• TASK DESCRIPTION: Taking the line with "This document discusses" as the first and the last line of the listing as the final one, please copy exactly those lines and no others, without pictures.

• DATASET CONTENT:
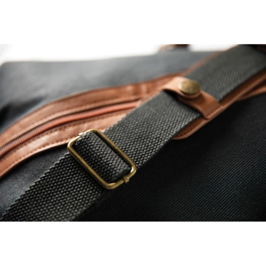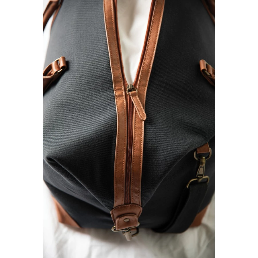 Torba sportowa, podróżna, wykonana z RPET, detale z PU, przestronna przegroda główna z kieszeniami wewnątrz, regulowany pasek na ramię
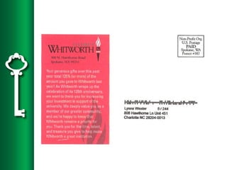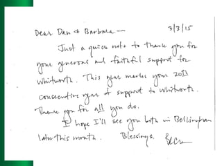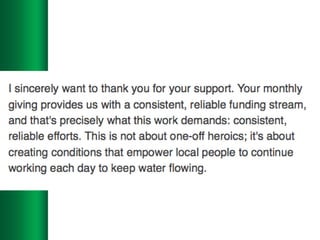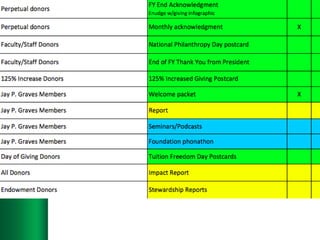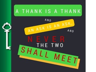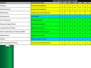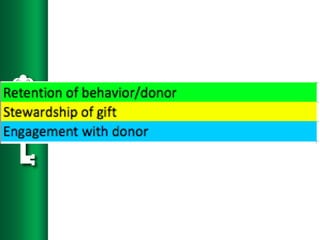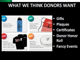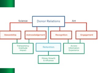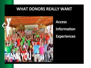 This document discusses the importance of donor retention and relationship building rather than focusing solely on transactions. It recommends having specific reports on donor giving patterns, retention, and lapsed donors in order to make informed decisions. The document stresses using more imaginative communications to inspire and engage donors through brilliant writing, packaging, and presentation.
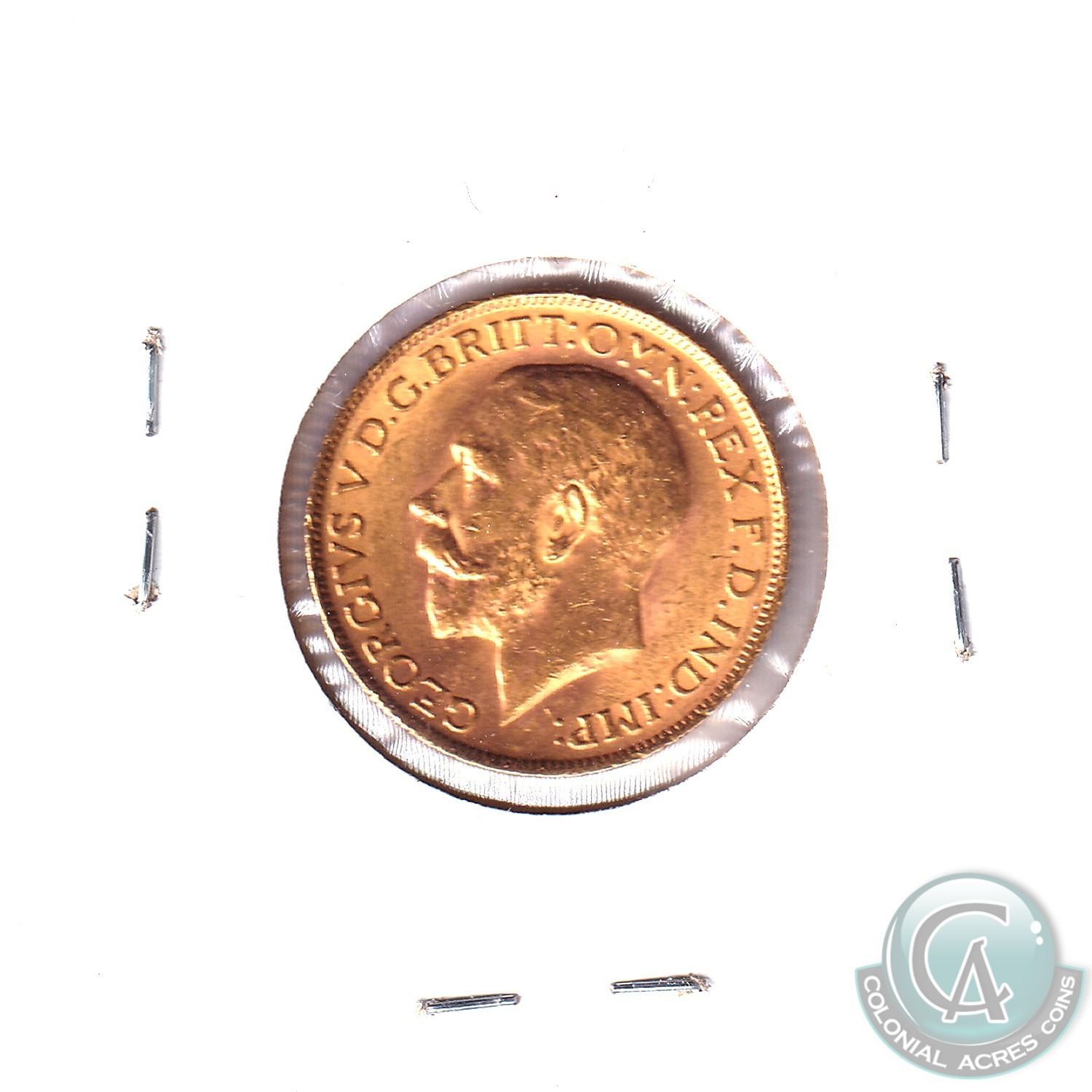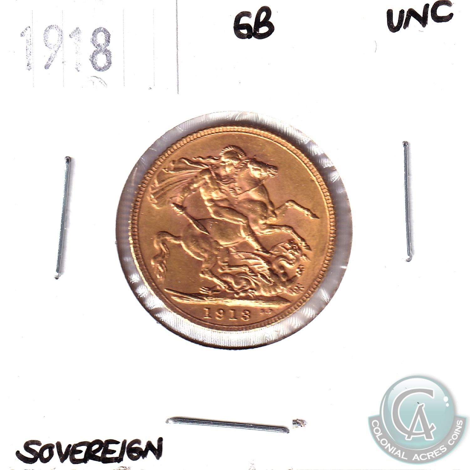1918 Great Britain Gold Sovereign Uncirculated. Contains 0.2354oz pure gold.
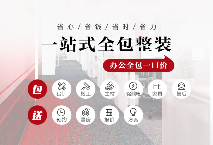 100+专业高级设计师,100个资深施工班组,紧密写作,成就办公室装修典范

• ANSWER SPACE:
 This document discusses the importance of donor retention and relationship building rather than focusing solely on transactions. It recommends having specific reports on donor giving patterns, retention, and lapsed donors in order to make informed decisions. The document stresses using more imaginative communications to inspire and engage donors through brilliant writing, packaging, and presentation.
1918 Great Britain Gold Sovereign Uncirculated. Contains 0.2354oz pure gold.
 100+专业高级设计师,100个资深施工班组,紧密写作,成就办公室装修典范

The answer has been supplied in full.